The material below includes pictures; leave them out and return only the lines between the line containing "Name | Dubai" and the line containing "- Bộ chuyển", inclusive, word for word.

**EXTRACTED MATERIAL**
_ _ _

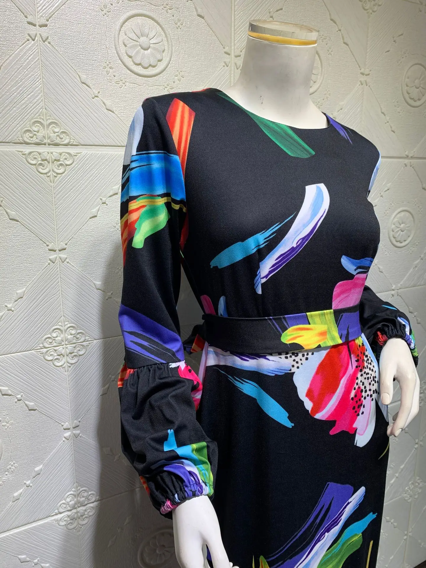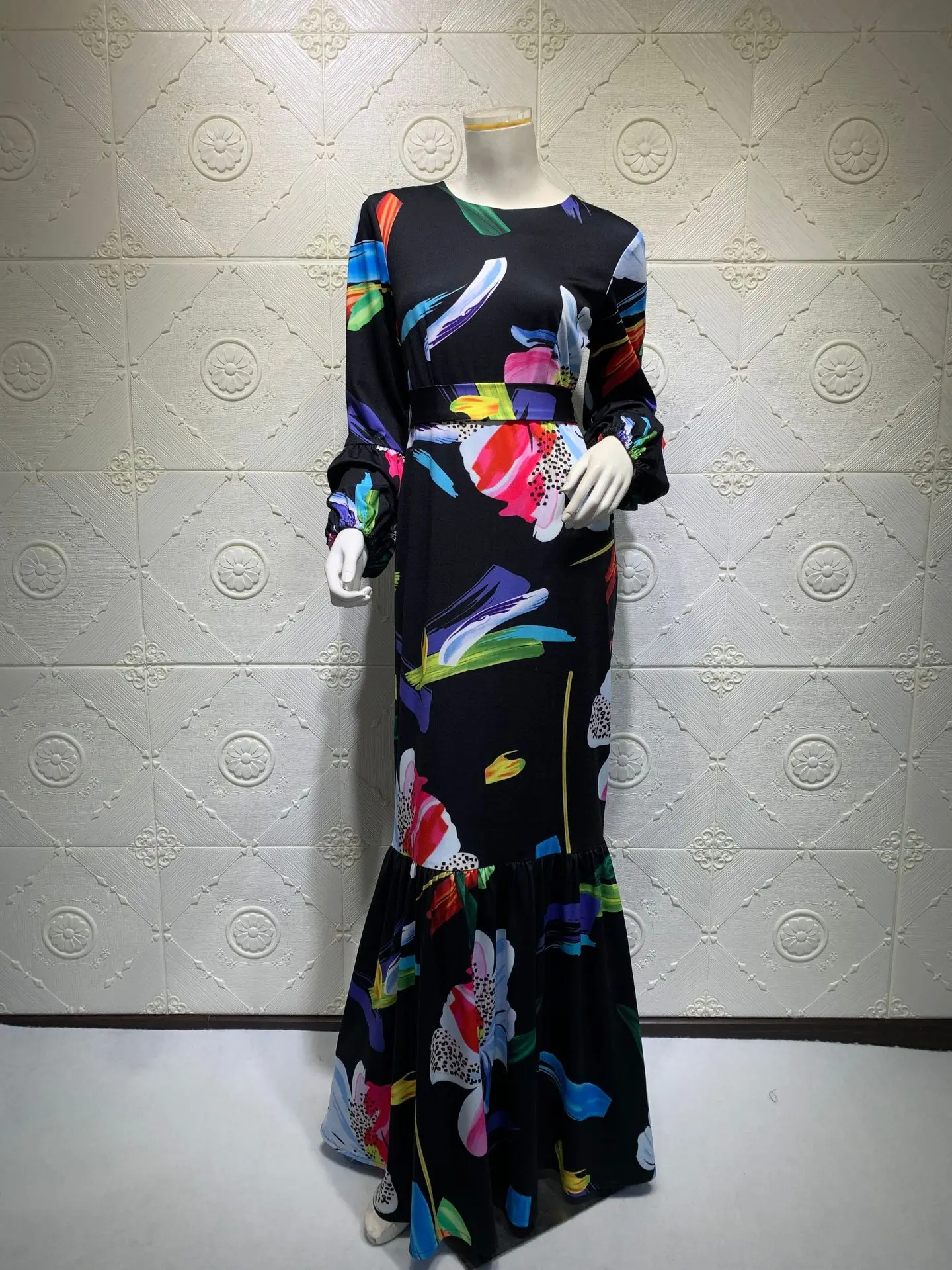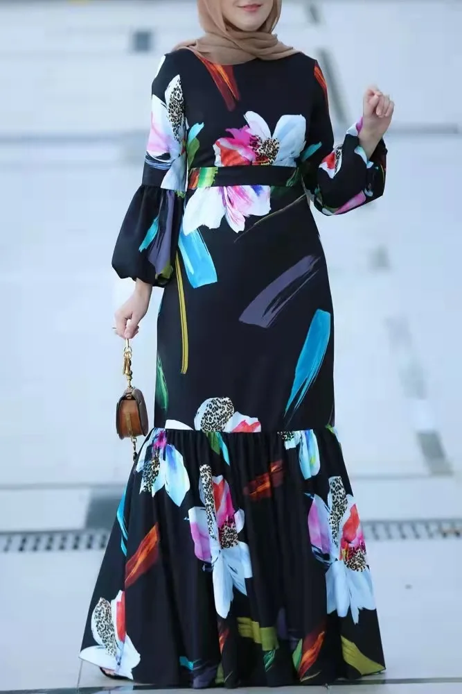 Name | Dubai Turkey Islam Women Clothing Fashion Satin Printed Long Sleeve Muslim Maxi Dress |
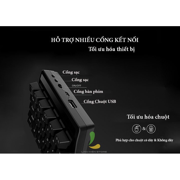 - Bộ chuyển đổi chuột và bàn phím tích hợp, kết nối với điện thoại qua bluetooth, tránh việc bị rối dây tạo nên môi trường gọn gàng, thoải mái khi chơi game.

_ _ _

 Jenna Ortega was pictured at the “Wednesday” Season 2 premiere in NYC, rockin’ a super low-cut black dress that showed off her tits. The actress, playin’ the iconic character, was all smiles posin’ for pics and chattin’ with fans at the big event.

_ _ _

**WRITTEN RESPONSE**
 Name | Dubai Turkey Islam Women Clothing Fashion Satin Printed Long Sleeve Muslim Maxi Dress |
 - Bộ chuyển đổi chuột và bàn phím tích hợp, kết nối với điện thoại qua bluetooth, tránh việc bị rối dây tạo nên môi trường gọn gàng, thoải mái khi chơi game.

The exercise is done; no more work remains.